Now, when advisors are busy, is a great time to consider opening up space for new clients by getting rid of those that are at the bottom of that list.
"I think the only complacency might be is if advisors are not more rigorous with accepting new clients that they might really enjoy working with and might be really profitable, instead of staying with a current set of clients that might not be the best for you or for them," Kolner said.
Sharpe told TMR it's not just a possible plateau that advisors need to be thinking about.
"We're not filling every ship. We're not getting our disproportionate share over direct even, in cruising or in other areas," he said.
"The majority of travel is still booked through OTAs and DIY, so there is an unlimited market opportunity for most travel advisors," echoed Kolner.
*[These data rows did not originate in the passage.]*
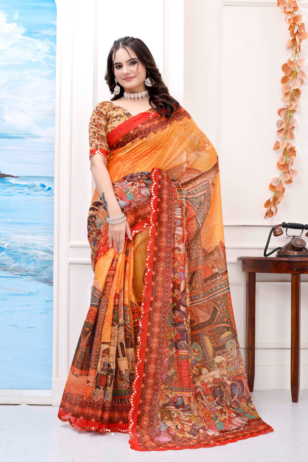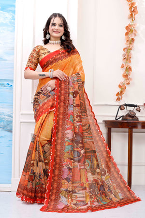 Fancy Multi Kalamkari Printed Chanderi Cotton Saree With Mirror Cutwork Border
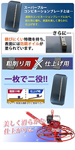 ●通常のコンビネーションブレードに比べ、耐久性に優れ、錆びにくく、コンクリート表面を美しく滑らかに仕上げます。
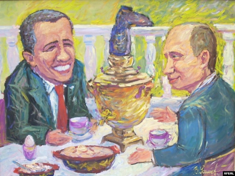 Открытие выставки вятского живописца Владимира Усатова должно было состояться сегодня в областной библиотеке имени Герцена. Однако в последний момент экспозиция была запрещена. Неудовольствие работников библиотеки вызвали два портрета политической направленности. На одном из них изображен американский президент Барак Обама с российским премьером-министром Владимиром Путиным во время их последней встречи в Ново-Огарево. Путин и Обама пьют чай из самовара с сапогом и кушают пельмени.
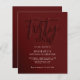 Das Design zeichnet sich durch einen dunklen Farbverlauf aus, wobei das Wort "vierzig" mutig in glänzenden roten Buchstaben auffällt. Aber es gibt noch etwas Anderes: Die Buchstaben erzeugen einen coolen Schatteneffekt, sodass sie aussehen, als würden sie aus der Seite springen. Es ist nicht nur eine Zahl, es ist eine große Sache. Diese Einladung ist Sprichwort: "Mach dich bereit für ein elegantes und stilvolles Party!"
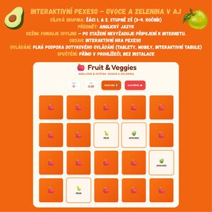Zde je krátké shrnutí aktivity určené pro prodejní platformy: 🍎 Pexeso: Fruit & Vegetables (English) Interaktivní
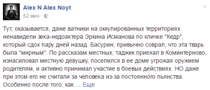 "По рассказам местных, таджик (Исманов был российским гражданином таджикского происхождения – Ред.) приехал в Коминтерново, изнасиловал местную девушку, поселился в ее доме, угрожая оружием родителям, и активно принимал участие в боевых действиях", - рассказал автор.
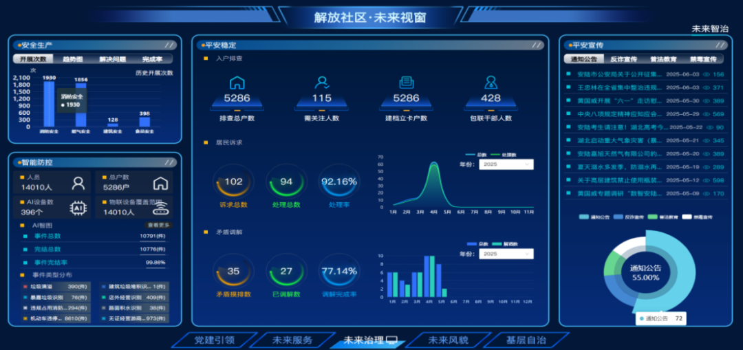 解放社區(qū)以“大屏統(tǒng)覽、中屏增效、小屏便民”三維智治體系為核心,夯實未來社區(qū)的數(shù)字根基?!按笃痢币劳腥?96臺智能設(shè)備與實景建模,實現(xiàn)對防溺水、高空拋物等20類風(fēng)險的智能感知與實時預(yù)警,構(gòu)建“天上看、地上查、網(wǎng)上管”的立體防控網(wǎng);“中屏”打通數(shù)據(jù)壁壘,支持29類字段精準(zhǔn)檢索與一鍵報表,將社區(qū)干部從重復(fù)勞動中解放出來,專注下沉服務(wù);“小屏”則以微信小程序集成13類服務(wù)場景,居民通過“隨手拍”“一鍵派單”“項目投票”等功能,實現(xiàn)“指尖參與、即時響應(yīng)”。系統(tǒng)運行以來,事件平均處置時間由2小時壓縮至30分鐘,信息填報效率提升80%,預(yù)警處置率達(dá)100%,智慧治理效能顯著。
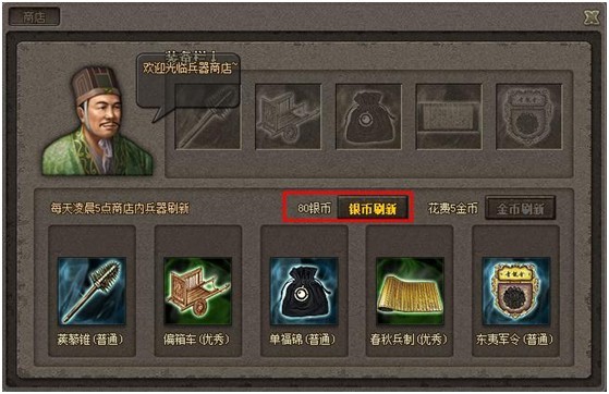 刷新兵器——刷新兵器每天的前几次价格很便宜,如果运气好刷出品质上层的兵器,那么你当天推图就爽歪歪了。

The result is the same either way.
"We have to generate demand," Sharpe said.
Don't Stop Marketing
A key piece of advice executives TMR spoke to had for travel advisors was to stay present in their clients' lives. Just like during the pandemic, when there was no business, advisors need to stay connected to clients when business is booming.
"Don't assume that the demand is always going to be there," Friedman said.
"We try to do our job and tell them not to get complacent," said Fiornio. "To stay in front of them [clients]."
"Some people have backed off marketing… and I don't want them to get to a point where they're thinking, business is just going to happen without it," Sharpe said. "We've got to make sure that flow of thoughtful marketing and really engaging marketing picks up at the right time for each advisor."
Both Fiorino and Fee said the easiest way to stay in front of clients is to opt into and use the tools your host agency, franchise parent, or consortia offers.
"Whether its tools that we use for social media, for email distribution, for direct mail programs…" said Fiorino.
"We [Cruise Planners] never stop marketing. We are not complacent and we are making sure that for our advisors, their name and information is in front of their consumers at all times," added Fee.
Nexion's Friedman told TMR it's about more than simply staying in front of clients. It's about creating lifelong relationships.
"One of the things we tell them is to look at a client as a client for life," she said. "Sit down with them, the way a financial advisor would, and come up with a multi-year plan. Then continue to stimulate their interest and desire to go to those places."
For instance, if a client has Australia on their bucket list and there's a new museum in Sydney opening in a year, send them a link to a newspaper article about the museum.
"Really look at developing long-term plans. Do not fall victim to indifference. You have to nurture your relationships with your customers and not look at these things as a transaction," Friedman added. "Don't assume they're going to stay loyal, because if someone else is out there hustling and reaching out to them, you could lose them."